Excerpts of: Scientists Taking Steps to Defend Work on Climate

By JOHN M. BRODER

WASHINGTON — For months, climate scientists have taken a vicious beating in the media and on the Internet, accused of hiding data, covering up errors and suppressing alternate views. Their response until now has been largely to assert the legitimacy of the vast body of climate science and to mock their critics as cranks and know-nothings.

But the volume of criticism and the depth of doubt have only grown, and many scientists now realize they are facing a crisis of public confidence and have to fight back. Tentatively and grudgingly, they are beginning to engage their critics, admit mistakes, open up their data and reshape the way they conduct their work.

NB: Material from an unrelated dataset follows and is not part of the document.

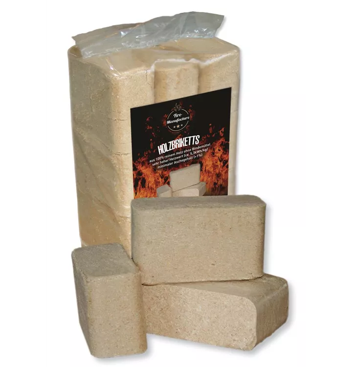 Die Briketts bestehen aus reinem Nadelholz, sind schnell entflammbar und verbrennen nahezu rückstandslos. Damit eignen sie sich ideal für den regelmäßigen Einsatz in Kaminöfen, Kachelöfen und Heizkaminen.

The unauthorized release last fall of hundreds of e-mail messages from a major climate research center in England, and more recent revelations of a handful of errors in a supposedly authoritative United Nations report on climate change, have created what a number of top scientists say is a major breach of faith in their research. They say the uproar threatens to undermine decades of work and has badly damaged public trust in the scientific enterprise.

The e-mail episode, called “climategate” by critics, revealed arrogance and what one top climate researcher called “tribalism” among some scientists. The correspondence appears to show efforts to limit publication of contrary opinion and to evade Freedom of Information Act requests. The content of the messages opened some well-known scientists to charges of concealing temperature data from rival researchers and manipulating results to conform to precooked conclusions.

“I have obviously written some very awful e-mails,” Phil Jones, the British climate scientist at the center of the controversy, confessed to a special committee of Parliament on Monday.

Climate scientists have been shaken by the criticism and are beginning to look for ways to recover their reputation. They are learning a little humility and trying to make sure they avoid crossing a line into policy advocacy.

“It’s clear that the climate science community was just not prepared for the scale and ferocity of the attacks and they simply have not responded swiftly and appropriately,” said Peter C. Frumhoff, an ecologist and chief scientist at the Union of Concerned Scientists. “We need to acknowledge the errors and help turn attention from what’s happening in the blogosphere to what’s happening in the atmosphere.”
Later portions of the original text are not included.